# Roamie Plus vs Pro



## Hookd (Oct 28, 2002)

Hi all,

I am giving up DirecTV and I am going to FiOs. So far I HATE Vz's DVR box and I am going to get a Tivo again. 

What is the difference between the Plus and the Pro besides the drive size? 

With FiOS, can I still do 'on-demand', not that I found that useful either.

If I get the Mini's with it, can they pause/ rewind live programming too? Or just the main box.

Is there a way to transfer the 'lifetime' membership from a DirecTv box to a new Roamie? 


Thanks for any advice


----------



## dbattaglia001 (Feb 9, 2003)

Only diff between Pro and Plus is hard drive size. I have the Pro. Love it.

FiOS on demand, as I understand it, NO, can't get it through TiVo.

Mini's yes, you should be able to pause, rewind, ff, etc...with my MoCA connection, I find it almost as good as when watching it off of main TiVo unit.

Lifetime transfer - good luck but don't hold your breath. Best you can hope for is being able to get multi service discount.


----------



## Hookd (Oct 28, 2002)

dbattaglia001 said:


> Only diff between Pro and Plus is hard drive size. I have the Pro. Love it.
> 
> FiOS on demand, as I understand it, NO, can't get it through TiVo.
> 
> ...


Thanks for the info.. I really love Tivo Service.


----------



## celtic pride (Nov 8, 2005)

they wouldnt let me transfer lifetime from my directv tivo when i switched to verizon 4 years ago.


----------



## truman861 (Jul 14, 2012)

I went with the plus as yes the only diff is hard drive size, nothing else. If I need a bigger hard drive I can upgrade for cheaper than 200.00 down the road.

----------------------------------------------
Roamio Plus (Master)
3 Tivo Mini's (living room and kids rooms)
3 x Premiers (2 sold, 1 retired)
Tivo series 3 HD (sold)
Tivo series 2 with PLS (retired)
MoCA
CC: Cisco PK802
TA: Cisco STA1520
T.W. Brighthouse Tampabay - Moving to Verizon Fios


----------



## vurbano (Apr 20, 2004)

I upgraded the plus hard drive 30 seconds after opening the box. There is no reason at all to purchase a pro. Unless you like getting ripped off.


----------



## rainwater (Sep 21, 2004)

vurbano said:


> There is no reason at all to purchase a pro. Unless you like getting ripped off.


Some people don't want to mess with buying a hard drive and installing it. To them, the extra money may be worth it.


----------



## ncfoster (Jan 22, 2011)

I was planning on getting the Plus when they ran the Advisory Panel discount offer. The only reason that I got the Pro was that I realized that after the discounts, the cost of the bigger hard drive was going to be more than the difference in price between the two.


----------



## moyekj (Jan 24, 2006)

vurbano said:


> Unless you like getting ripped off.





rainwater said:


> Some people don't want to mess with buying a hard drive and installing it. To them, the extra money may be worth it.
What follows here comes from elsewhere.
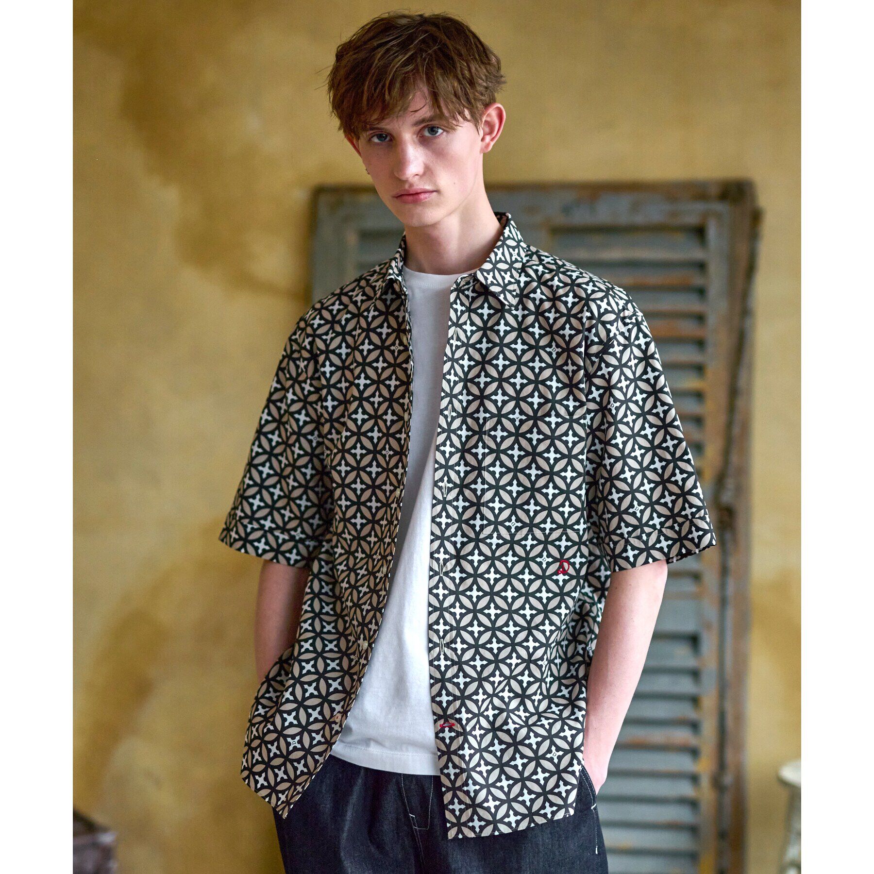 《品格溢れるショートスリーブシャツ。待望の追加生産決定!》リングを重ねたようなジオメトリックな図案に、ドレステリアのイニシャルを組み合わせたオリジナ.. |

It also disqualifies you from participating in TiVo beta programs.


----------



## aridon (Aug 31, 2006)

You can get some codes on Ebay that will bring the cost down to far less than you'd pay normally. The difference between pro and plus is $100 and you can't buy a 3gb hd for that. No I don't sell them but I did use one.


----------



## pauldy (Feb 4, 2002)

You can get a 3TB for 100, you can also get 6TB for 300 so... like anything you have to weight the pros and cons for yourself.


----------



## supasta (May 6, 2006)

moyekj said:


> It also disqualifies you from participating in TiVo beta programs.
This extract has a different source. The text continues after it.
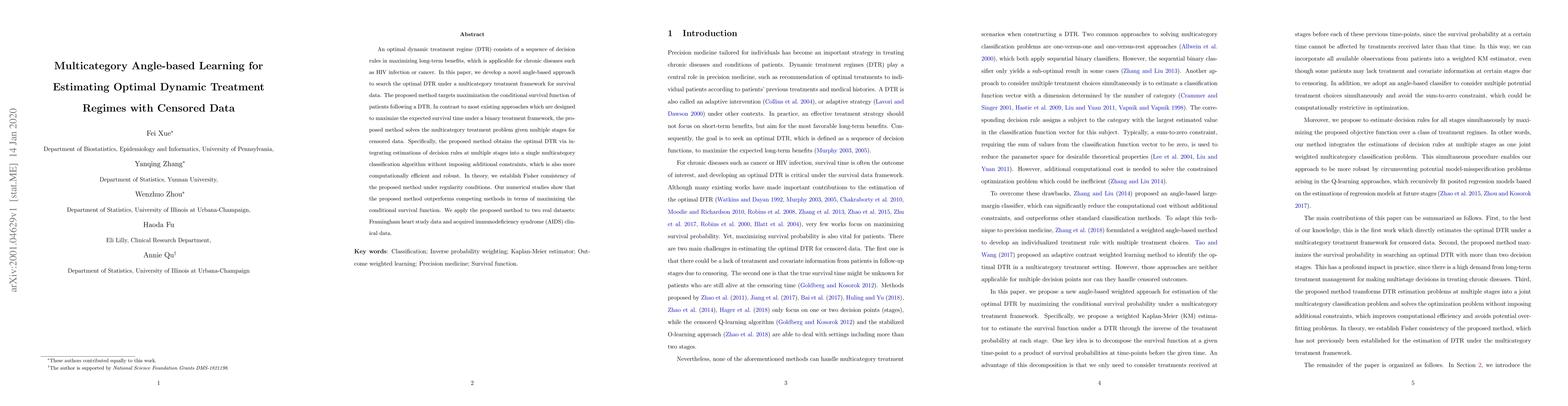 This paper introduces a novel angle-based method for finding optimal dynamic treatment regimes in multicategory settings, especially for chronic diseases with censored survival data. The proposed approach outperforms existing binary treatment frameworks and is more computationally efficient and robust.

Not to mention voiding the warranty. To some people, that is a concern.


----------



## Hookd (Oct 28, 2002)

Thanks for all the responses..

There was a discounted price on Amazon so I did go with the Pro. I have added drives to my Directv boxes before but I didn't really have to time to worry about that now. The extra $200 was worth my time and I got a extra back from the gov't. 

Setting it up wasn't hard... and I love that I can have Netflix, Amazon Prime etc in one place. I have to see if I can link my Itunes account to it too. 

My one question is that I can't switch between two stations and have them both buffered (rewind-able). Is there some setting I have to adjust?


----------



## BigJimOutlaw (Mar 21, 2004)

Amazon Prime Instant streaming isn't available yet. But rumor is it will be. (Only downloaded purchases and rentals are supported right now.)

All 6 tuners are constantly buffering. Are you pressing the Enter/Last button to jump between channels? Instead, you can toggle through all the tuners by hitting the Live TV button repeatedly, or hitting Info and pressing down.


----------



## Hookd (Oct 28, 2002)

BigJimOutlaw said:


> Amazon Prime Instant streaming isn't available yet. But rumor is it will be. (Only downloaded purchases and rentals are supported right now.)
> 
> All 6 tuners are constantly buffering. Are you pressing the Enter/Last button to jump between channels? Instead, you can toggle through all the tuners by hitting the Live TV button repeatedly, or hitting Info and pressing down.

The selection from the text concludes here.